USD - FXA: Fade This AUD Play In The Face Of A Gloomy Near-Term Outlook

2023-05-18 11:14:30 ET

Summary

  • The RBA’s surprise hawkishness this month may have boosted the AUD, but the near-term setup is far from compelling.
  • The global commodity downcycle has shown no signs of slowing down, while China’s sluggish ex-services recovery offers little offset.
  • With FXA’s interest income also well below the comparable risk-free rate, I am neutral on this FX play.

Going long the Australian Dollar ( AUD:USD ) hasn't been the blockbuster trade one would expect in a cyclical upswing for global commodities. A key reason has been that this time around, higher commodity prices have weighed on global growth.
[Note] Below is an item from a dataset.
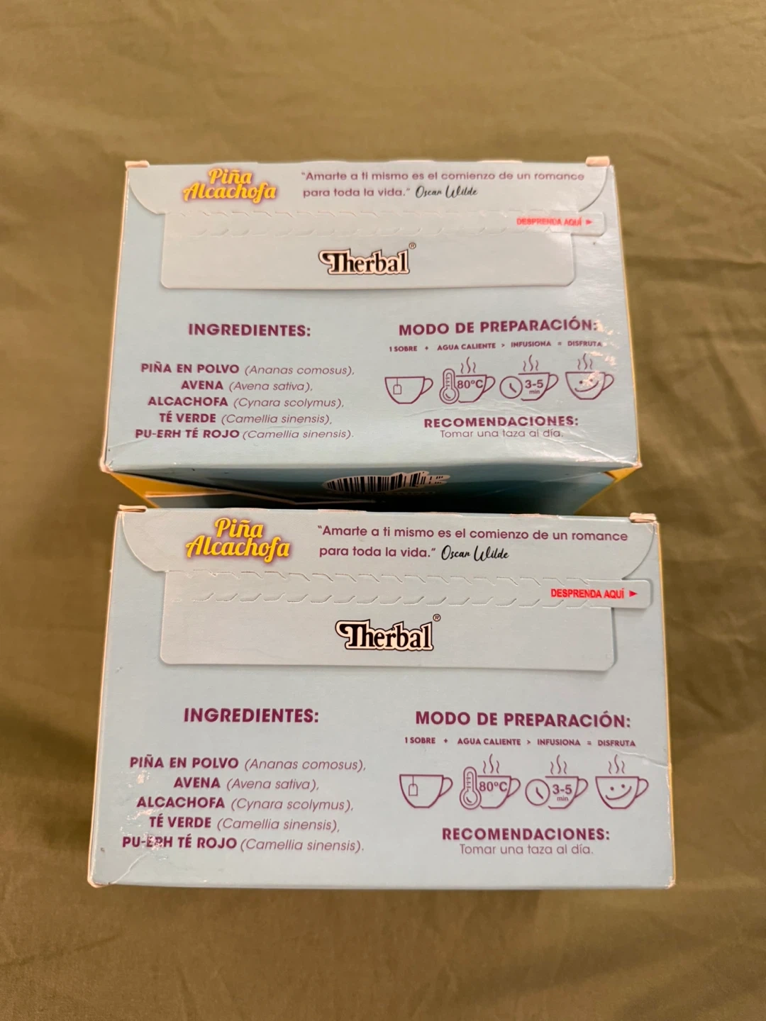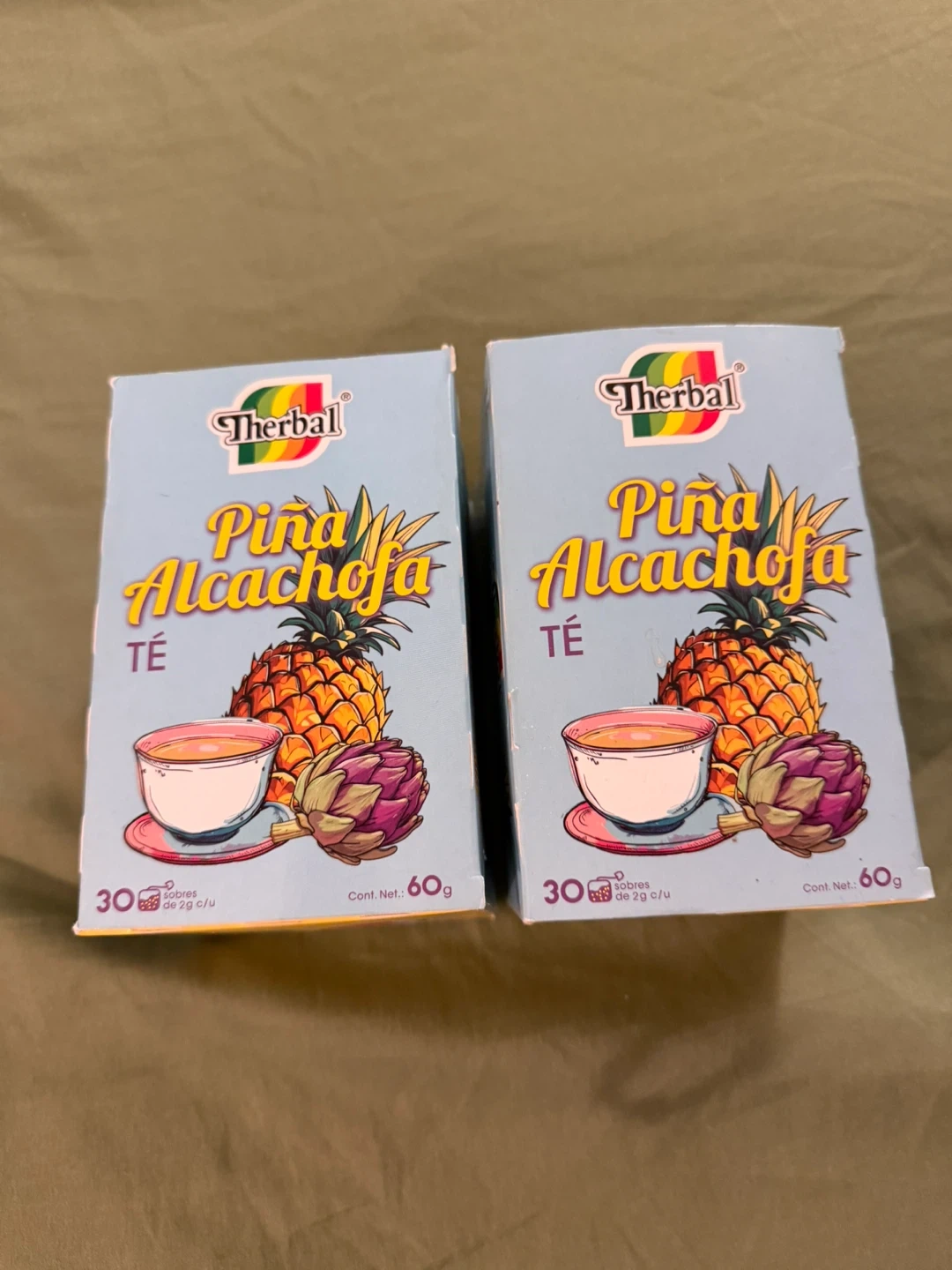 Piña Alcachofa tea. Each box contains 30 tea bags, 2g each for a total of 60g per box. Ingredients include pineapple powder, oat, and artichoke. This tea is vegan and made with 100% natural ingredients. Prepare with hot water at 80°C and steep for 3-5 minutes.

And unlike previous years, China hasn't come to the rescue either - the country's transition away from 'zero-COVID' policies hasn't yielded the non-services demand rebound many had hoped for. Outbound Chinese tourism has also been slow, as reflected in the slow recovery of Australia's services exports. So with the global economy set for another year of slower growth and falling commodity prices, the AUD should continue to be weighed down by deteriorating terms of trade.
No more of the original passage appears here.